Indigo: History And Modern Natural Dyeing

Indigo: History And Modern Natural Dyeing

Indigo is easy to fall in love with. It's verdant green leaves that hold the promise of a myriad of blues. A color humans around the world are fond of wearing. 

Naturally dyeing with indigo originated across multiple cultures working with various plant species to achieve the sought after shades of blue. Isatis tinctoria was grown throughout Northern Europe. In Central America, indigofera suffruticosa thrives.
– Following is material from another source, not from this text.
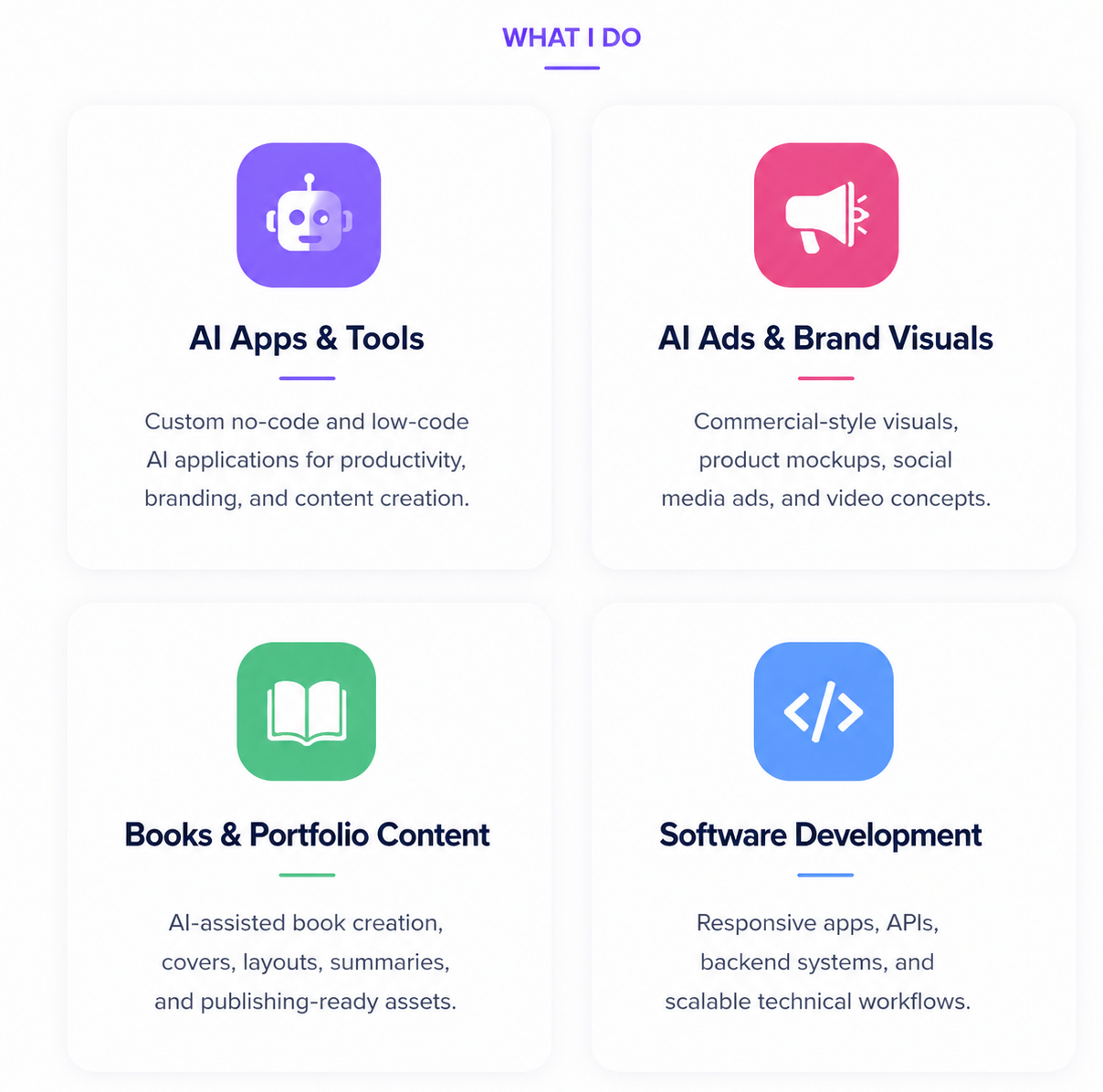 I design and build responsive digital experiences, AI-powered apps, brand visuals, books, ads, and multimedia content using modern software tools and generative AI workflows.

Persicaria tinctoria is the most common variety throughout Asia. Indigofera tinctoria grows in South and Southeast Asia. Each species looks rather unique and is situated to grow well in its unique growing region. In Vermont, I have found Persicaria tinctora grows best for me. 

Indigo is technically a legume, so its roots fix nitrogen, improving the soil it grows in. 

Traditionally, indigo has been fermented but there are other methods of extracting the pigment indigo today. Most commonly, companies today skip the indigo altogether for cheap, toxic chemical dyes they still name "indigo". At Danu Organic, we are guided by our inner grandma and chose an organic indigo that we naturally fermented in our Silver Lake, Los Angeles Dye Studio. We used a 3-2-1 vat recipe. 

It is a relatively new process for us and we are still learning and developing our recipe and process, but we could not be happier to begin offering shades of blue clothing made by us in collaboration with the earth.

To start, we have made indigo Opal Tees, Opal Crops, Tall Socks, Short Socks, Big Scrunchies and Little Scrunchies.

Our natural dyeing within Danu Organic has been one of our biggest investments to date and it was starting to feel like a business within a business at Danu which could be okay, but not at our current size (read: super small) so to be able to continue developing it, we felt the need to simplify. We will be dyeing solely with indigo for the foreseeable future as we iron out how we can offer naturally dyed clothes in a modern business. 

We think it's gorgeous and are so excited to develop shades from misty fog to blues to deep they touch black.

Thank you so much to everyone who is following along with our indigo journey.